* _Instructions for the task_
From the first line of the records below, transcribe each line exactly up to and including the one with "- Easy Set Up: No"; pictures stay out.
(Record excerpts)
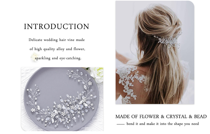 - Silver rhinestone wedding hair ornaments in unique design and excellent workmanship, made of crystal & flower & alloy wire. Party hair vine approx size: 9.84inches(25CM); 2 bobby pins and 1 ribbon for free. Silver, Gold and Rose Gold color for choose.
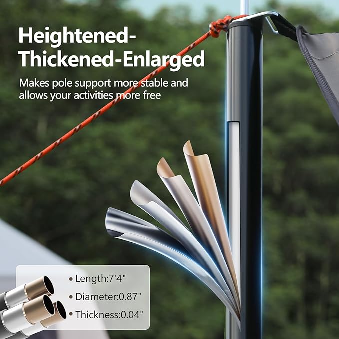 - Easy Set Up: No specialized knowledge is required. Even beginners can easily set up the camping shade according to our product manual and the extra retainer, and quickly enjoy the joy of camping! The package comes with two thickened poles, of which the height can be adjusted from 30.9" to 88.7" Customize your shade structure by adjusting the pole height and placement, creating the perfect rain canopy for your needs
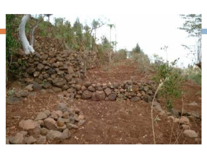 The stone walls (bunds) can also stop any soil in the water moving down slope as they act as filters and trap soil particles. They are most effective on gentle slopes.
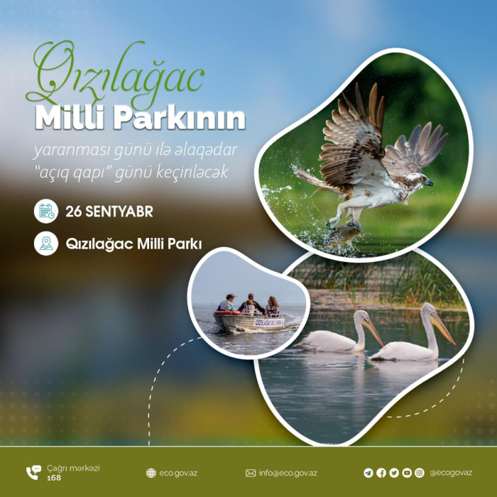 Xəzər dənizinin cənub-qərbində yerləşən, unikal ekosistemi ilə fərqlənən Qızılağac Milli Parkının yaranması günü ilə əlaqədar sentyabrın 26-da milli parkda “açıq qapı” günü keçiriləcək və ziyarətçilər giriş haqqından azad olunacaq.
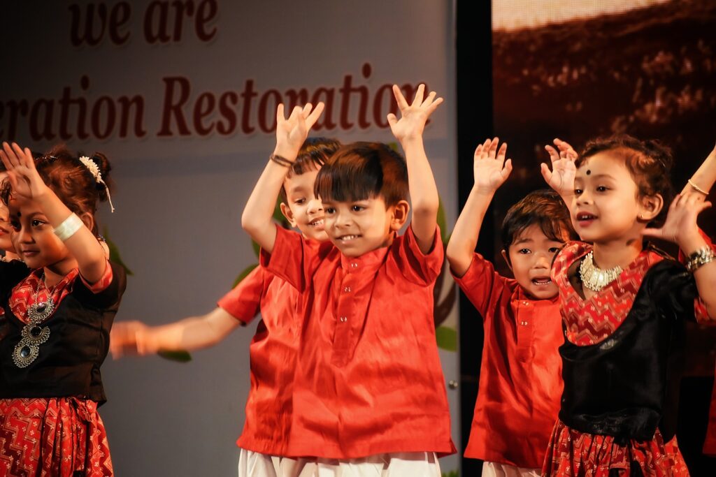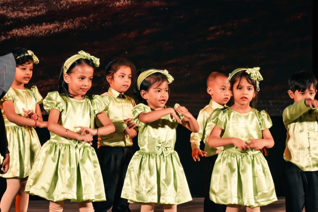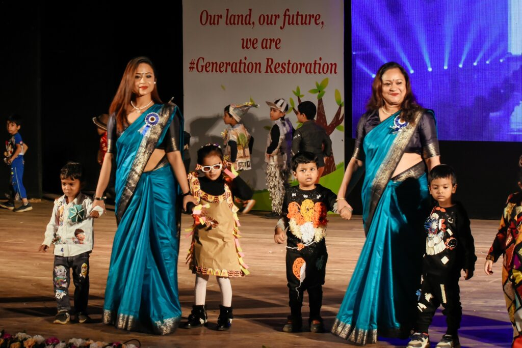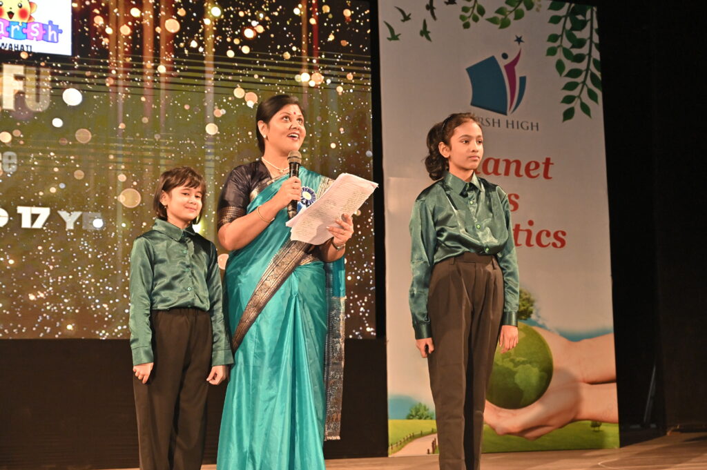 The students enthralled the audience , showcasing on environment emphasizing on non-use of plastic products. The toddlers performed a ramp walk showing how to make best out of waste products. The PG- II children from Zoo Road and Six Mile branches showcased beautiful dance performances highlighting vital environmental themes. Through graceful dances, they depicted the harmful impact of deforestation. One dance illustrated how rain is crucial for cultivation and sustaining life. The children also performed melodious songs emphasizing the significance of birds and animals in maintaining ecological balance and protecting the environment. Their performances sent a strong message about the need to care for nature and inspired everyone to take small steps towards a greener, healthier planet for future generations.The students showcased the cleanliness habits through mime acting. They depicted Sri Jadav Payeng ( the forest man of India) as the role model. Also the protection of Hargila (Greater Adjutant Stork) by renowned conservationist Dr. Purnima Devi Barman was performed as a skit by the students.
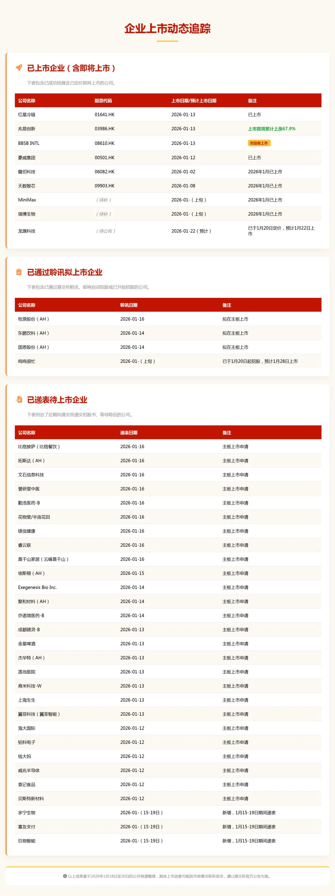 2026年1月赴港上市企业名单
(End Record excerpts)
* _Problem solution_
 - Silver rhinestone wedding hair ornaments in unique design and excellent workmanship, made of crystal & flower & alloy wire. Party hair vine approx size: 9.84inches(25CM); 2 bobby pins and 1 ribbon for free. Silver, Gold and Rose Gold color for choose.
 - Easy Set Up: No specialized knowledge is required. Even beginners can easily set up the camping shade according to our product manual and the extra retainer, and quickly enjoy the joy of camping! The package comes with two thickened poles, of which the height can be adjusted from 30.9" to 88.7" Customize your shade structure by adjusting the pole height and placement, creating the perfect rain canopy for your needs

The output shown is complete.